But I do feel sad for the people who remain in denial or haven't the faintest insight into why they do what they do. And I'm not just talking about people who have SA. I think this applies even to the average person. Those people who live their lives day-after-day, who have all the regular problems, sorrows, and frustrations (maybe nothing so painful as SA, but still not easy), but still without any idea why they act, feel, or think the way they do. Or why others do either, for that matter. And so they never learn how to deal with life any better or move much farther in terms of personal growth and fulfillment. With self-awareness comes the capacity for growth and change, but without it, you're in the dark and aren't likely to get what you want or need out of life.

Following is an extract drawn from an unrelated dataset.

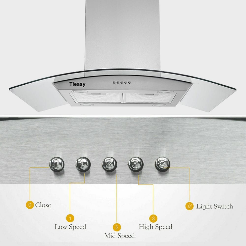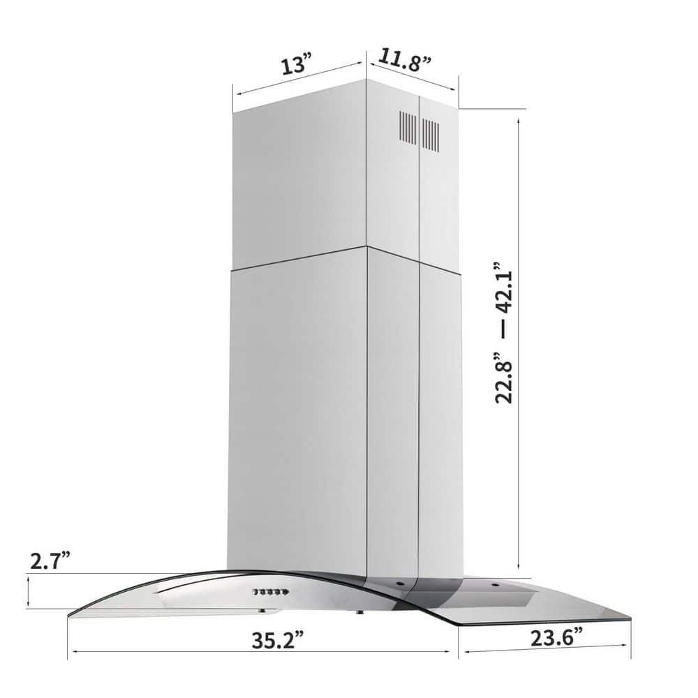 About this itemIsland Mount Installation: 36 inch stainless steel & tempered glass range hood, island mount installation add a modern or professional style for your kitchen.Powerful and Quiet Motor: 3 speed exhaust fan with Max. 700 CFM air flow, less than 65dB at high speed, this kitchen exhaust hood provides a relaxing cooking time.Adjustable Chimney: Extendable chimney can be adjusted to reach 7.5' - 9.5' ceiling, a 6 inch diameter ducting kit convenient vent outside, this range hood gives you a air fresh kitchen area.High Quality: Made of 430-grade brushed stainless steel and tempered glass, this vent hood comes with 4 bright led lights & 2 removable filters. Push button panel control for easy and convenient use.Range Hood Dimensions: 35.2" (W) x 23.6" (L) x 25.8"-42.1"(adjustable height). Including prong plug, manual, hardware, and air backdraft damper. 1 years limited parts warranty.

SA drove me toward self-awareness and change. I now recognize how valuable self-awareness is and how it has enriched my life, to the point where I would never trade my life-with all the stress, pain, and difficulty involved-with a happy, breezy life where I do not know or care to know myself. How empty, how aimless life would be otherwise!


----------



## srschirm (Jun 25, 2006)

*re: What are some positive aspects that resulted from your S*

Great post. I'll try to incorporate this new mindset into my day-to-day thinking.


----------



## RWolfe506 (Apr 20, 2007)

*re: What are some positive aspects that resulted from your S*

I think not being part of the crowd has given me a unique perspective on things... people much older than me often tell me they're impressed because they think I've learned a lot of the things that take people most of their lives to figure out.


----------